Access to clean water is a prerequisite for good health. Most drugs consumed are subsequently secreted in the urine, in an unchanged condition or as metabolites. In urban areas the compounds will reach sewage treatment plants and sometimes even rivers, lakes and ground water. Many drug molecules entering sewage treatment plants will travel through without being degraded or removed by the cleaning processes. Since the utilization of chemicals, including pharmaceuticals, is continuously growing, there is an increasing risk from chemical substances to contaminate our food and water supply within the environmental cycles. Environmental persistence in combination with bioaccumulation means that pharmaceutical residues are an increasing problem in diverse environmental compartments and lead to increased concerns about the ecotoxicity of pharmaceutical products [1, 2].

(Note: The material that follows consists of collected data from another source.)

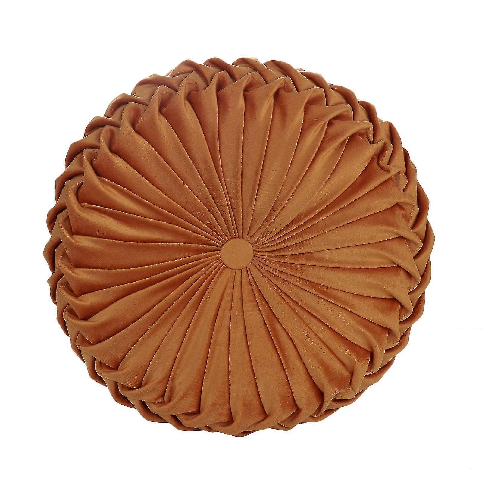 Velvet Round Pumpkin Wheel Cushion - Orange, 38x10cm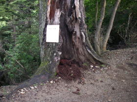 | 七ツ石山を巻いてブナ坂へ。ここから日原に下る道にはロープが張ってあって通行禁止になっていた。 |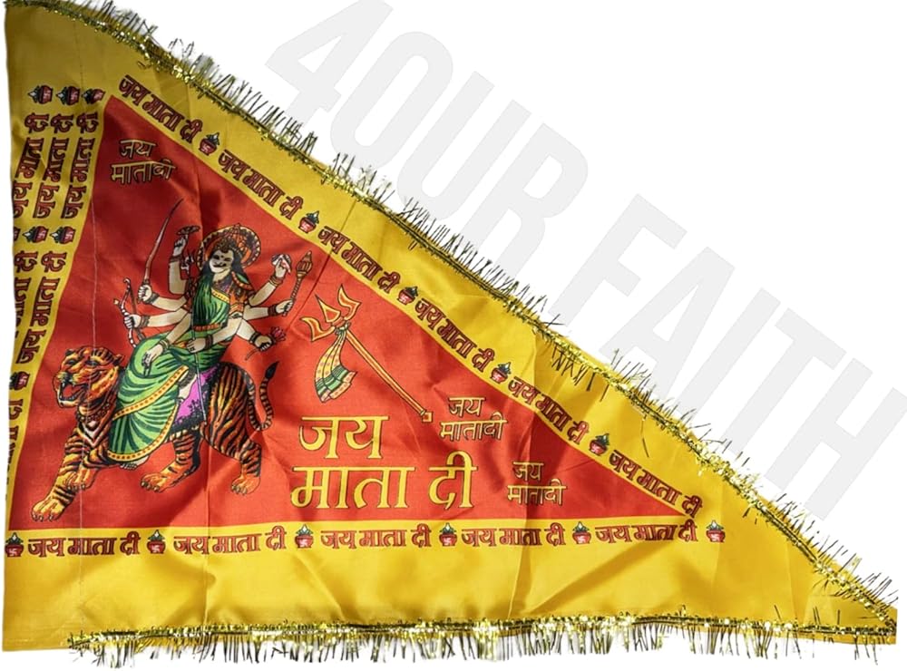 Jai Mata Di Cloth Flag Jhanda Flag Dwaj for Pooja | Printed Sherawali Mata Rani Digital Print Dwaj/Jhanda/Flag Triangle for Home Temple & Outdoor Normal Size Flag | ALL Mata Rani Jhanda | | Use In Rooftop of Office/Home, Car/Bike Rally – Pack of 1 (MULTI COLOR)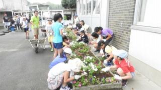 子供たちも花壇の草取りを手伝ってくれて短時間でどこもきれいになりました。

A number of studies have been published that show traces of medicines in water from sewage treatment plants as well as in lakes and rivers. Medicines that were reported to have a high concentration in the environment included various antihypertensives and non-steroidal anti-inflammatory drugs (NSAIDs) [36]. Some antibiotics and hormonal preparations have also been detected [7, 8].

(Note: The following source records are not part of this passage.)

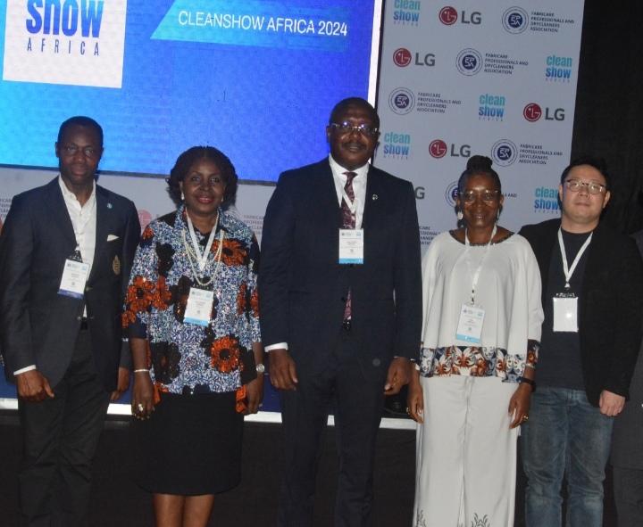 Photo caption L-R: Eniibukun Adebayo, chairman, Fabricare Professionals and Drycleaners Association Chinyere Almona, director general, Lagos Chamber of Commerce and Industry ( LCCI); Emeka Obegolu, president , Abuja Chamber of Commerce and Industry; Nnoli Akpedeye, managing director/CEO, Perfect Laundi Limited , and Brian Kang, general manager, home appliances, Life is Good (LG) at the Cleanshow Africa 2024 Exhibition and Conference , ”Positioning Africa’s Fabricare and Hygiene Industry for Excellence” in Lagos on Tuesday.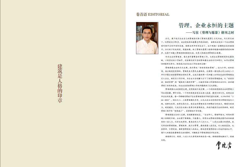 2015年7月,集團公司創建的管理型季度期刊《管理與愿景》創刊號順利刊印發行。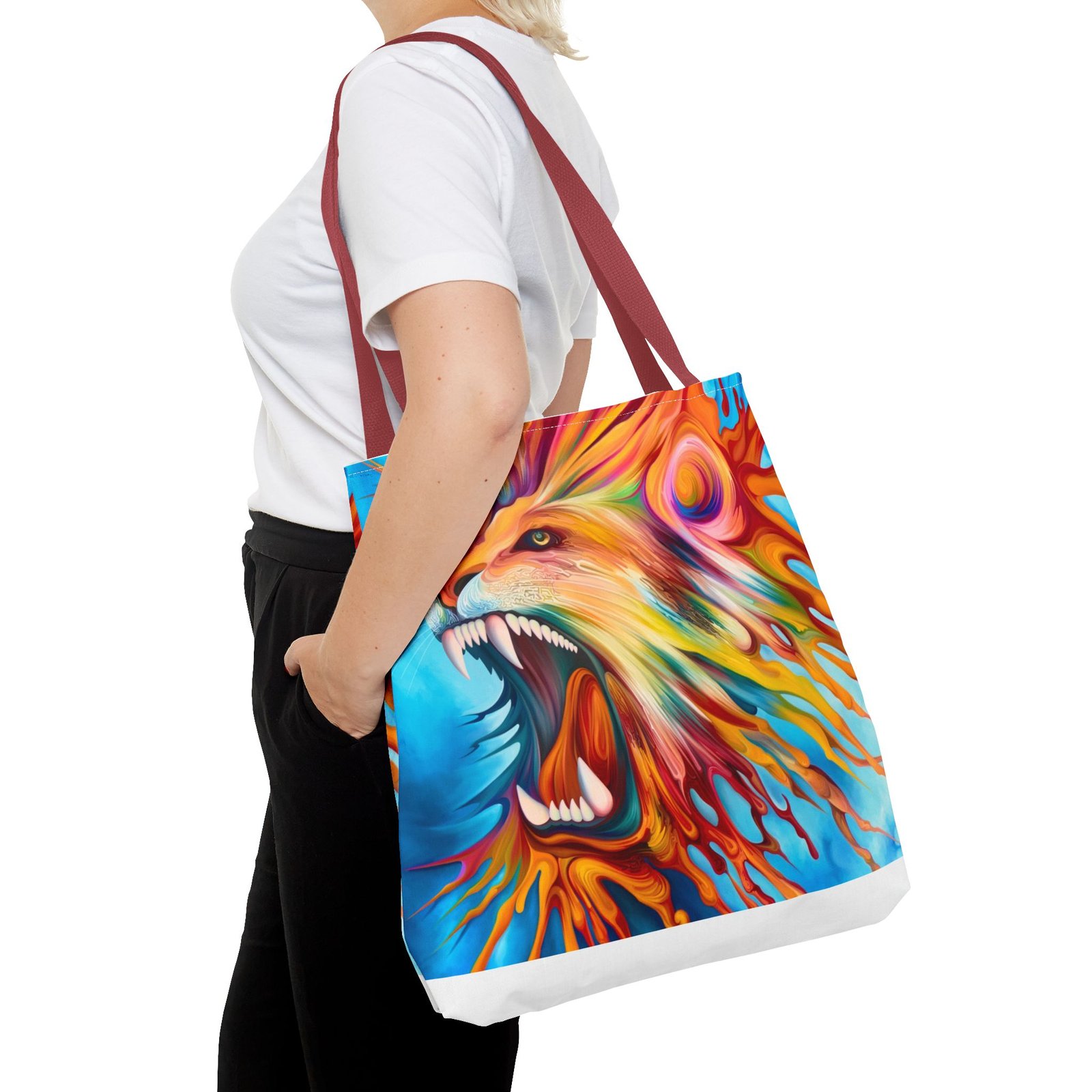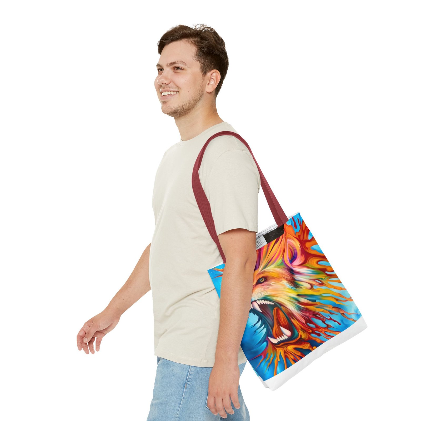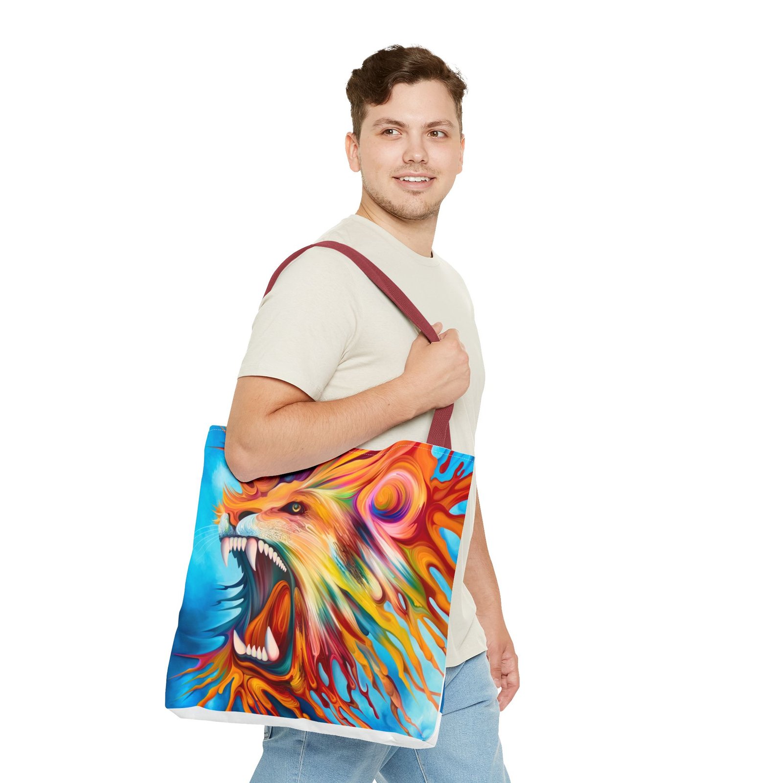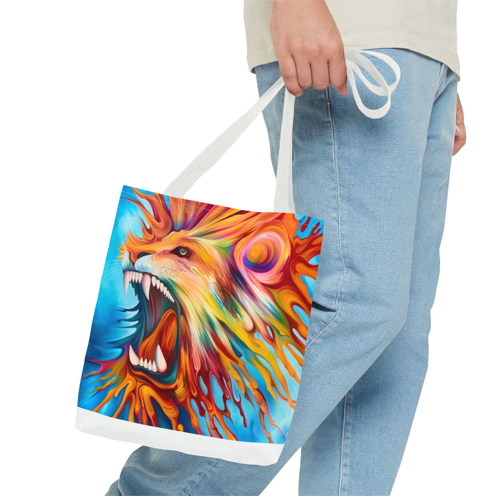 Introducing a vibrant Tote Bag that brings an energetic and artistic flair to your everyday style. This stunning accessory showcases a dynamic lion design, perfect for making a bold statement. Its lightweight yet durable polyester fabric makes it ideal for daily use, whether you’re heading to the farmers market, gym, or out on a casual day. Designed for art lovers and nature enthusiasts, this tote effortlessly blends functionality with style. It’s perfect for gifting on occasions like birthdays, back-to-school season, or as a thoughtful surprise for friends. Celebrate your passion for creativity and nature with this eye-catching bag that’s versatile for any adventure!

Health protection and environmental protection are societal aims which usually accompany each other. However, the use of pharmaceuticals shows that both aims can become contradictory. The Swedish parliament has determined certain environmental objectives, including; that by 2010 there should be information on the environmental characteristics for all manufactured or extracted chemical substances on the market [9]. In pursuance of these environmental objectives the Swedish Medical Products Agency, has identified a number of important actions to be taken to protect the environment (Table 1) [10].

Table 1 Measures regarding environmental aspects of pharmaceuticals proposed by the Swedish Medical Products Agency [10]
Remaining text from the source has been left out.